TO DO
Copy out the lines beginning with the one that contains "El capó delantero, también" and ending with the last line below, exactly as they stand. Pictures are not copied.
--*--
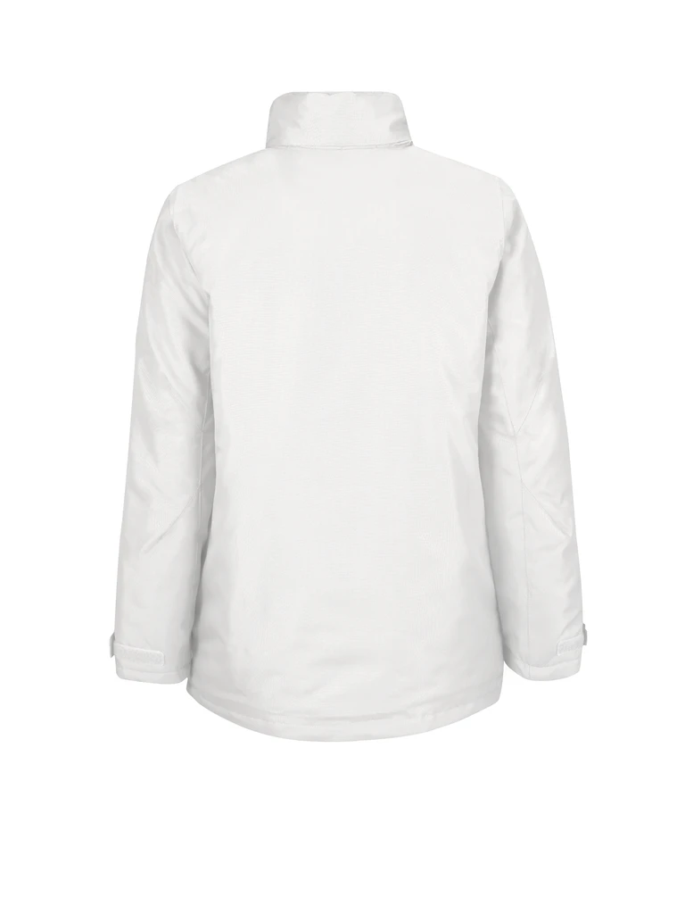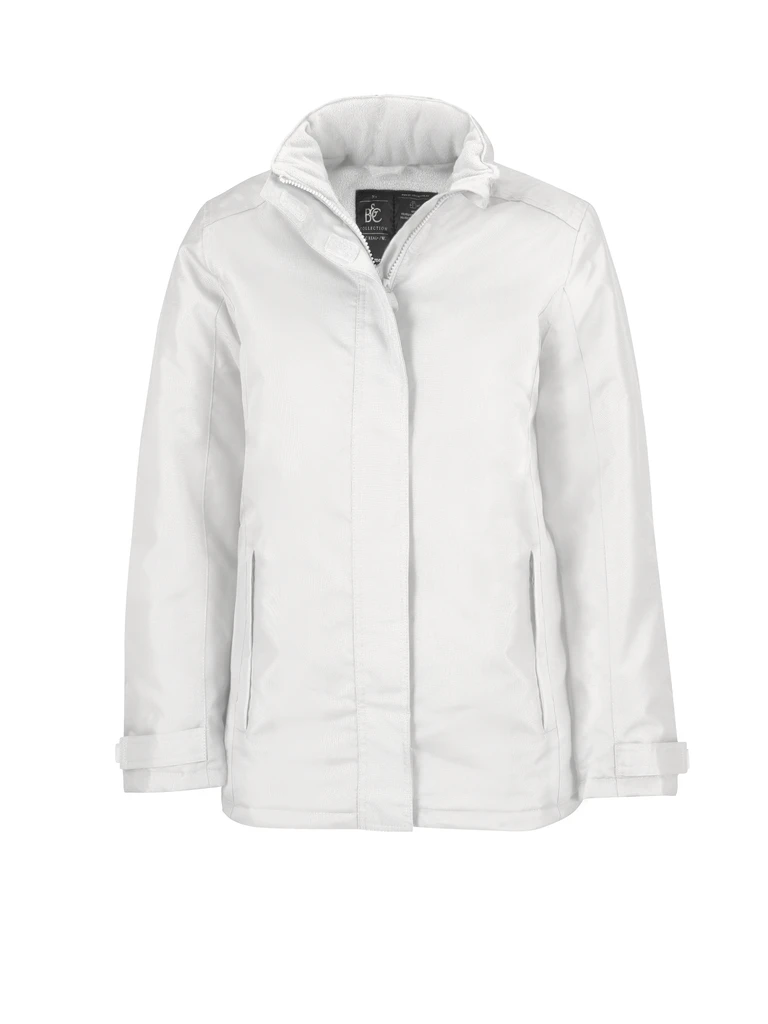 Outer: 100% Oxford polyester • Inner: 100% polyester padding (fleece and Taffeta®) • wind and water proof • hood in collar • tone-on-tone zip with wind protection placket and chin protection • adjustable tear release sleeve ends • inside pocket and two side pockets with zip closure and trim • decoration access on back.
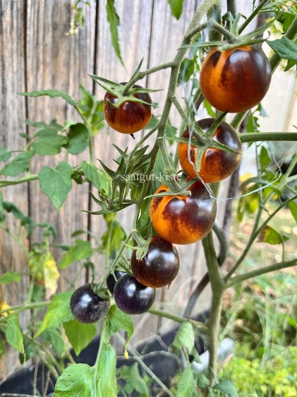 Hälfte dunkelviolett, fast schwarz sind. Das Fruchtgewicht liegt bei ca. 20-30 g. Das leuchtend orange
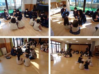3年生の家庭科で行われる保育実習もコロナ禍の中、中断していましたが、今日、3年ぶりに取り組むことができました。以前は保育園児の皆さんを迎えに行って中学校まで来てもらって行っていましたが、協力してくださった梅ノ宮保育園の園舎が新しくなり、広いスペースを確保できたことや、行き来の安全を考えて、中学生が園を訪れて行うことになりました。2組と4組が訪れ、グループごとに用意した絵本を紹介したり、遊びを紹介したりしました。本当にこころ温まる時間が過ごせました。来週、3クラスまたお世話になります。よろしくお願いいたします。
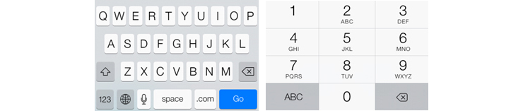 在支付场景中,是否考虑了用户在乘坐交通工具过程中进行支付的场景?如用户急需对某件商品进行支付,但在摇晃的车厢里无法快速打字,那么设计支付密码时,在不牺牲安全的前提下,是否可以考虑以数字键盘替代全键盘呢?以iPhone 5s为例,全键盘每个字母按键的大小是52px*76px,而数字键盘每个数字按键的大小是220px*108px,按键的可控区域越大,用户密码的输错率也能降低。
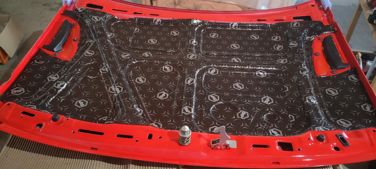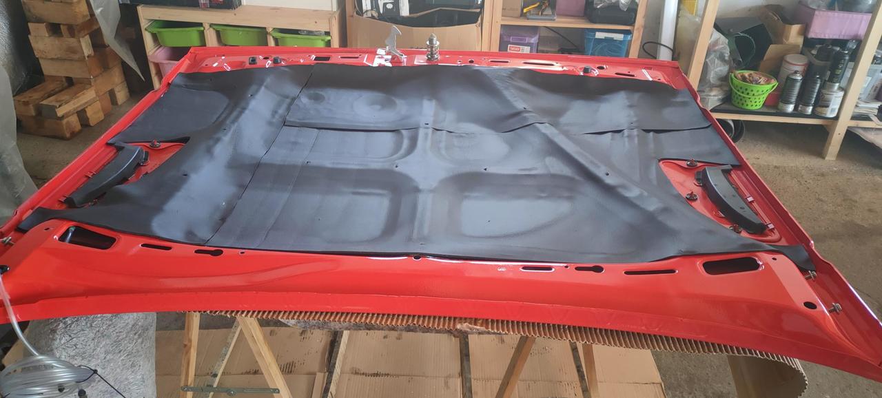 El capó delantero, también lo aislamos y montamos una manta/aislante capó universal, ya que el original, estaba hecho polvo y nuevo no encontré.
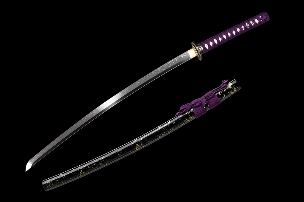 28寸手工刀全長(zhǎng):104cm 刃長(zhǎng):68cm 柄長(zhǎng):28cm刃材:1095鋼燒刃釘子紋無(wú)槽有切線柄材:實(shí)木 繞紫色帶+真魚皮鞘材:實(shí)木黑底金加綠花亮光 繞紫色羊毛帶配件:銅包裝:雙瓦紙盒配件:銅+鋅合金包裝:雙瓦紙盒
--*--
REPLY
 El capó delantero, también lo aislamos y montamos una manta/aislante capó universal, ya que el original, estaba hecho polvo y nuevo no encontré.
 28寸手工刀全長(zhǎng):104cm 刃長(zhǎng):68cm 柄長(zhǎng):28cm刃材:1095鋼燒刃釘子紋無(wú)槽有切線柄材:實(shí)木 繞紫色帶+真魚皮鞘材:實(shí)木黑底金加綠花亮光 繞紫色羊毛帶配件:銅包裝:雙瓦紙盒配件:銅+鋅合金包裝:雙瓦紙盒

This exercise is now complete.